# [Records for processing]

________________

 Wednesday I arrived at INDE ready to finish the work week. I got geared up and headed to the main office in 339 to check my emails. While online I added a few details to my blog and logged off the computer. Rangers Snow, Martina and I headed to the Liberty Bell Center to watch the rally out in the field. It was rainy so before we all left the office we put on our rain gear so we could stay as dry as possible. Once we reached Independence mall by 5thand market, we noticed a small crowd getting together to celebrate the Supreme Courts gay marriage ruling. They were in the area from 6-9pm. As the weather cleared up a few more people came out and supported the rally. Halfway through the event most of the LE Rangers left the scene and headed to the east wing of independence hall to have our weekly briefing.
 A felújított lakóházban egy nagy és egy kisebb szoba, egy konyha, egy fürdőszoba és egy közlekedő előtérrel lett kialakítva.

________________

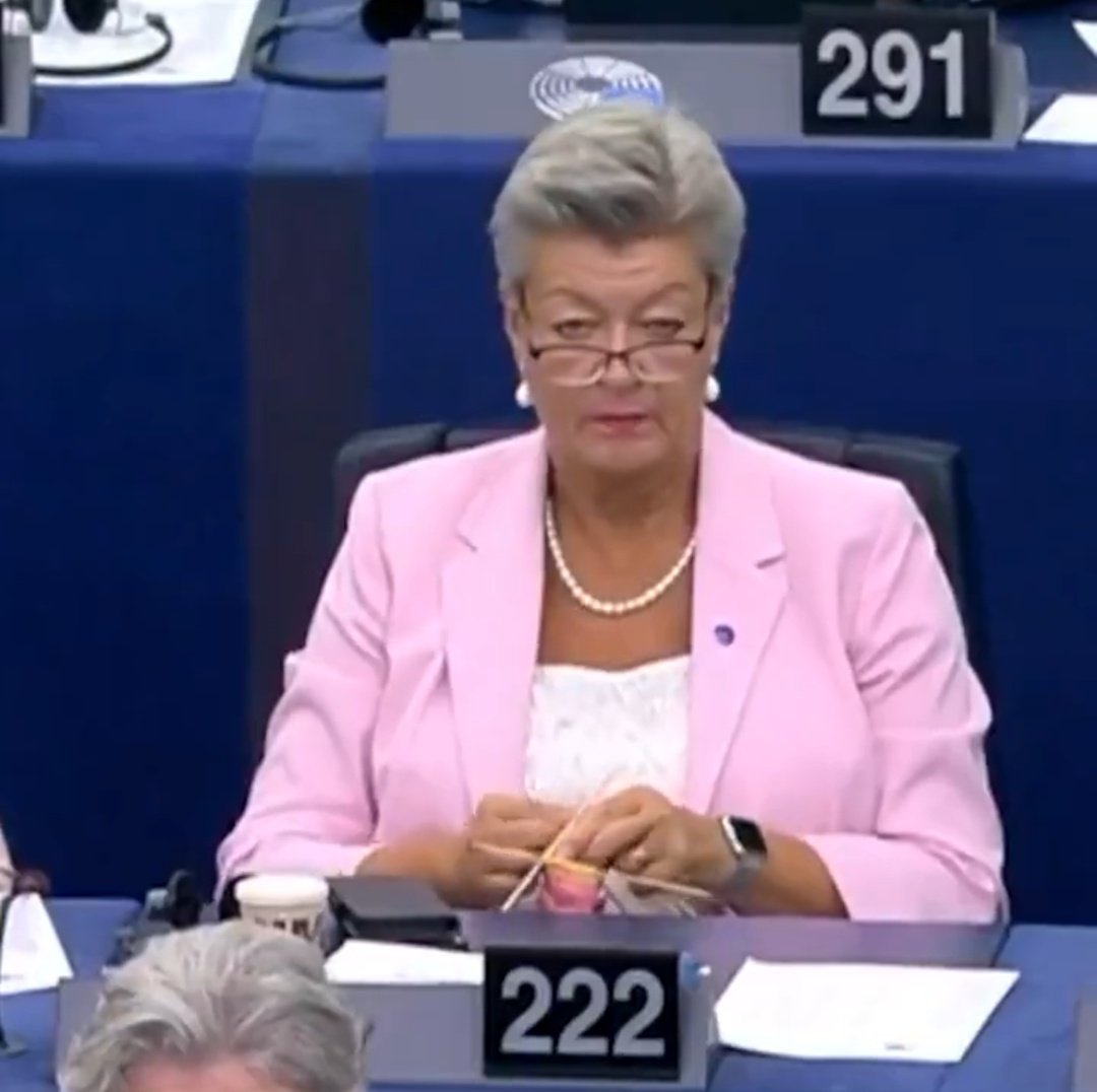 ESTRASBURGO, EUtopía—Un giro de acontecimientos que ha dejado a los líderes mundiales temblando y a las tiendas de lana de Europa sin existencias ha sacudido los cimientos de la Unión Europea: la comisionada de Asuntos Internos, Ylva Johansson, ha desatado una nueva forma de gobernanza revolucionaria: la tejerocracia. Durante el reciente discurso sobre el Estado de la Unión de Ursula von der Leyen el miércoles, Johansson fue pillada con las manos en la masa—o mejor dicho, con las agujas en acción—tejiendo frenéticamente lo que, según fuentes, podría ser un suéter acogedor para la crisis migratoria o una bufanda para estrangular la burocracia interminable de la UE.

________________

From the records above, quote only the lines running from the line with "Wednesday I arrived" to the line with "A felújított lakóházban", both lines included.

# [Result for this task]
 Wednesday I arrived at INDE ready to finish the work week. I got geared up and headed to the main office in 339 to check my emails. While online I added a few details to my blog and logged off the computer. Rangers Snow, Martina and I headed to the Liberty Bell Center to watch the rally out in the field. It was rainy so before we all left the office we put on our rain gear so we could stay as dry as possible. Once we reached Independence mall by 5thand market, we noticed a small crowd getting together to celebrate the Supreme Courts gay marriage ruling. They were in the area from 6-9pm. As the weather cleared up a few more people came out and supported the rally. Halfway through the event most of the LE Rangers left the scene and headed to the east wing of independence hall to have our weekly briefing.
 A felújított lakóházban egy nagy és egy kisebb szoba, egy konyha, egy fürdőszoba és egy közlekedő előtérrel lett kialakítva.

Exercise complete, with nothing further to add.